(Stored dataset items)
↓

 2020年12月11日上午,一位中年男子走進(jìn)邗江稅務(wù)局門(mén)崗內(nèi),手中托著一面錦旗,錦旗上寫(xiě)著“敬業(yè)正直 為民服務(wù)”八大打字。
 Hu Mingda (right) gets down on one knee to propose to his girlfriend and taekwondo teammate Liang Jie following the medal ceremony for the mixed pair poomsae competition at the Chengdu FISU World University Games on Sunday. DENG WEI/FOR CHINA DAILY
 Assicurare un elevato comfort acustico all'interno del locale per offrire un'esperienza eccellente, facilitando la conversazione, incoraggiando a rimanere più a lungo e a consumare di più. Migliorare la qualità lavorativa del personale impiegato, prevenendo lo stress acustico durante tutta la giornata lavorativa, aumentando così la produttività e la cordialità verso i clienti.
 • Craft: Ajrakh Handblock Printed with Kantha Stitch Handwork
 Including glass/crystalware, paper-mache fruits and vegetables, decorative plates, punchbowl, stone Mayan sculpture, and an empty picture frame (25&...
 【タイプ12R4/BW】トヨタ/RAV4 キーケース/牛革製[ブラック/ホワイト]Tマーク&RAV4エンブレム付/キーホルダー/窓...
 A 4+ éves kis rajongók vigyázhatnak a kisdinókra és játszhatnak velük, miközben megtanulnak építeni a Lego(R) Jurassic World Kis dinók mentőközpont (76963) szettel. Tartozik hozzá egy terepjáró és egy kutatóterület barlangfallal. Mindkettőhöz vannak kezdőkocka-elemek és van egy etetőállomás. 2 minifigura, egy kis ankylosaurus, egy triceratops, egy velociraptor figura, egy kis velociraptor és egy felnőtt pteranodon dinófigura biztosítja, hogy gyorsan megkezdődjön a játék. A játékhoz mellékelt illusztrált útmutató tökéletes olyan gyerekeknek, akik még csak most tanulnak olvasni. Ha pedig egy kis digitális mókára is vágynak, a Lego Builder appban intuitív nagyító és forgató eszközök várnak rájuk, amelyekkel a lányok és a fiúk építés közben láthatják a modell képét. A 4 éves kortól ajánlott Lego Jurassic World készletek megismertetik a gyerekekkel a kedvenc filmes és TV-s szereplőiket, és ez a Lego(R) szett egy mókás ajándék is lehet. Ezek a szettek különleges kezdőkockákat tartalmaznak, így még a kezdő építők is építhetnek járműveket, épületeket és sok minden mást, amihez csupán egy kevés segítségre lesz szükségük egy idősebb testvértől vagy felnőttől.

↑

> Problem:
Copy the records above exactly, from the first line through the line containing "Hu Mingda (right)", and include nothing else.

> Response:
 2020年12月11日上午,一位中年男子走進(jìn)邗江稅務(wù)局門(mén)崗內(nèi),手中托著一面錦旗,錦旗上寫(xiě)著“敬業(yè)正直 為民服務(wù)”八大打字。
 Hu Mingda (right) gets down on one knee to propose to his girlfriend and taekwondo teammate Liang Jie following the medal ceremony for the mixed pair poomsae competition at the Chengdu FISU World University Games on Sunday. DENG WEI/FOR CHINA DAILY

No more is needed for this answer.